4. Creating an Instance.
In order to run an ec2 instance there are a few things we must get from the management console like the image id and the image type. Once you have retrieved these we are ready to start creating our instance.
Run the following command:
aws ec2 run-instances --image-id ami-9abea4fb --count 1 --instance type t2. micro --key-name awsclidemokey --security-group-ids <your security group id here> --subnet-id <your subnet id here> --region <your region here>
The count is just telling AWS how many instances you wish to create.

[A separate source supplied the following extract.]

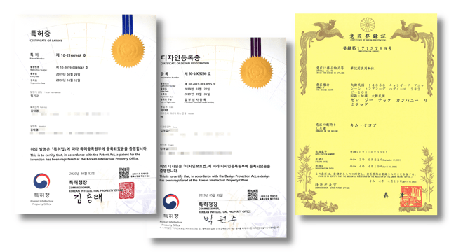 ZERO G ball∠15の画期的なアイデアは韓国で特許を取得しています。また人間工学に基づいたスマートで使いやすいデザインは韓国及び日本でも意匠登録を取得済み。米国、中国、インドネシア、ベトナム、EU、インド、トルコ、タイに特許や意匠登録を出願し、EUとトルコで意匠登録を取得しました。
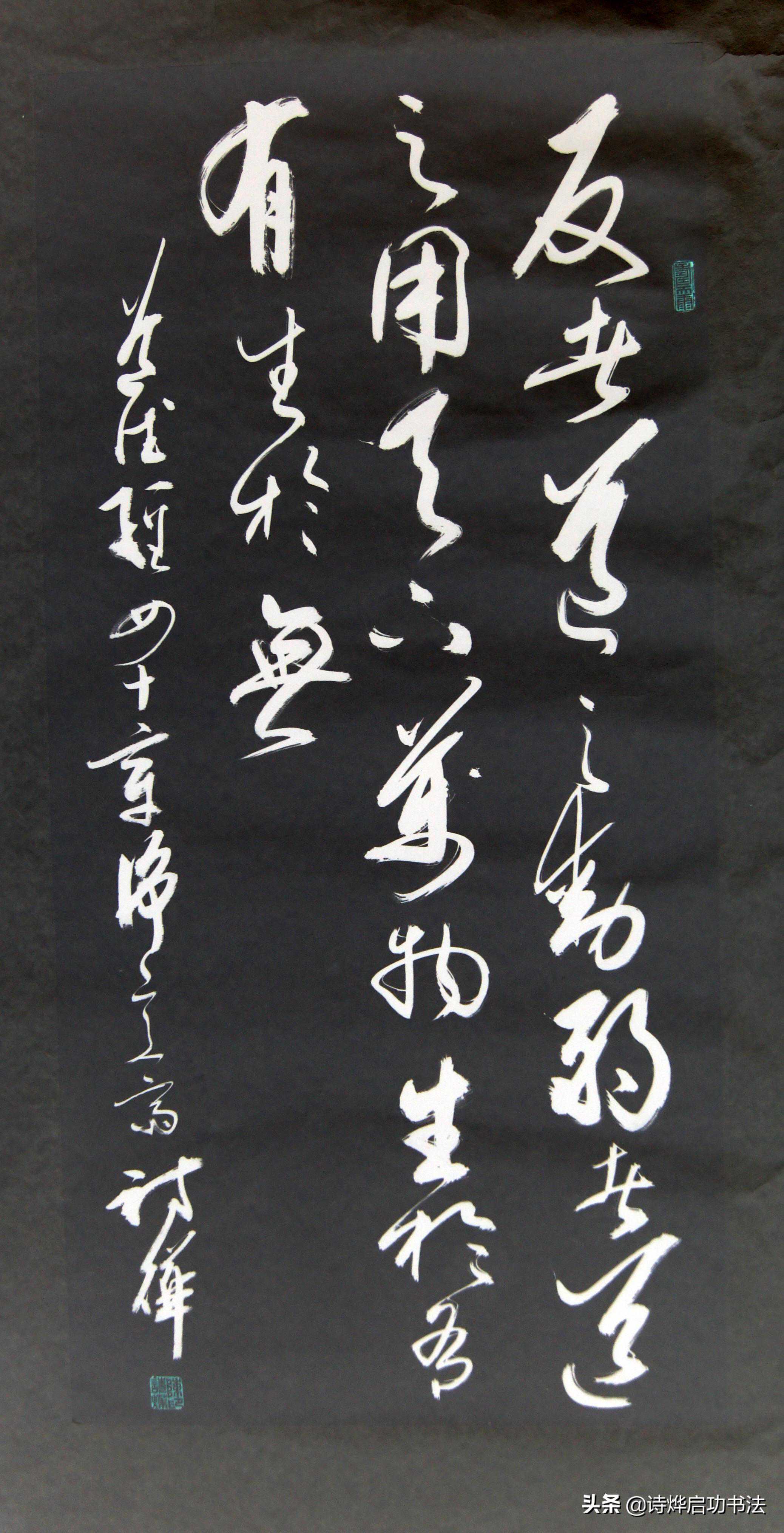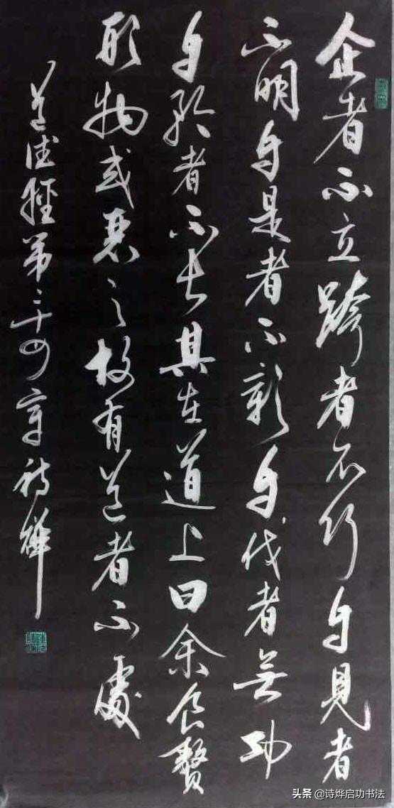 综合而论之,“书道”是指中国特有的在草书书写艺术中取法自然而囊括自然界万物的种种特征的本质而形成的独特的书写艺术。因为草书是纯意象的,字势生动,宛若天然,实得造化之姿,神变无极,妙造自然。草书合于天地自然之趣,有定和无定符合大极阴阳变化之数,有神明也有规矩,并非废弃规矩而放纵无度的。所以草书便是“道”,在书法史上,历来称为书圣的书家大多都一个杰出的修道者。故才有我与书法同行言:“诸君不入道,莫与吾论书”句。王羲之家族“世事张氏五斗米道,又精通书道”。王羲之的书法水平登峰造极,究其成因,与其信奉道教,有莫大的关系。加之东晋时期盛行的清谈之风,老庄思维占据着整个文人圈子,这使得道家的自由浪漫主义情怀与近乎自然的哲学思维快速影响着文化艺术的发展。其后的草书家如智永,怀素等都是佛门中人。所以唐以前,对书法一直称为“书道”。启功先生论书诗云:“真书汉末已胚胎,钟体婴儿尚未孩,直至三唐方烂漫,千红万紫一齐开”。确实,汉时草书已相当成熟了,但真书尚在婴孩,到了唐朝,真行草隶各种书体才完全成熟定型。楷法成熟,草书才逐渐被实用性较强的楷书取代,因为唐楷法度森严,便产生的另一种讲究法度的书写名称“书法”,所以论中国书法史,我们可以这样说,中国既有书道,亦有书法,并一直至现在。而日本仅有书道而无书法耳。

You can now go to the management console to check that your instance was created. Once your instance is up and running, you can access it via putty using your .ppk file created earlier.
5. Terminate Instances.
In order to terminate any instances that we have created just run the following command:
aws ec2 terminate-instances --instance-ids <your instance id here> --region <your region here>
6. Delete Security Groups.
In order to delete any security groups that we have created just run the following command:
aws ec2 delete-security-group --group-id <your group id here> --region <your region here>
What do we think?
This may seem like a convoluted way to carry out a task that is easily done from the AWS Management Console. However, if you have many custom instance AMIs that you wish to spin up as and when needed you could put the commands in a simple script and just run the script. It will always depend on what your preferences/needs are. However, for quick automation and management of services with AWS, the AWS CLI could prove to be a very useful for developers.